■ Work required
Your output should be the lines below from the one with "Σε έναν ζωολογικό" through the one with "Descobre o belo", copied exactly, pictures excluded.
-- Provided data follows --
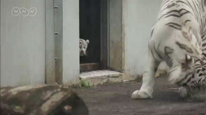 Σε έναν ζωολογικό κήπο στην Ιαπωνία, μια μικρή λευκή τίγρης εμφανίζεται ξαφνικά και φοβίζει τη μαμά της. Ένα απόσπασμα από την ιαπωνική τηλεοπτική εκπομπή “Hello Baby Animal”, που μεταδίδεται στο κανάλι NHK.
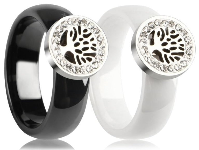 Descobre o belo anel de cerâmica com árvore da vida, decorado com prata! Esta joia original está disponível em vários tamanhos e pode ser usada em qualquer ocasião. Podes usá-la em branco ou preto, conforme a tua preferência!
-- Provided data concluded --
-- Provided data follows --
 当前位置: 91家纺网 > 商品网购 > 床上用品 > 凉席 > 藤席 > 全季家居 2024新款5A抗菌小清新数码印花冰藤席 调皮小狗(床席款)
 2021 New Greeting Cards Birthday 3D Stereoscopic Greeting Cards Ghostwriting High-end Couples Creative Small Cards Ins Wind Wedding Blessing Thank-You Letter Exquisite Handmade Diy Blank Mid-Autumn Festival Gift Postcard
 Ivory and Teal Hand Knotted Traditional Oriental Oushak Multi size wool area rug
-- Provided data concluded --
■ Answer section
 Σε έναν ζωολογικό κήπο στην Ιαπωνία, μια μικρή λευκή τίγρης εμφανίζεται ξαφνικά και φοβίζει τη μαμά της. Ένα απόσπασμα από την ιαπωνική τηλεοπτική εκπομπή “Hello Baby Animal”, που μεταδίδεται στο κανάλι NHK.
 Descobre o belo anel de cerâmica com árvore da vida, decorado com prata! Esta joia original está disponível em vários tamanhos e pode ser usada em qualquer ocasião. Podes usá-la em branco ou preto, conforme a tua preferência!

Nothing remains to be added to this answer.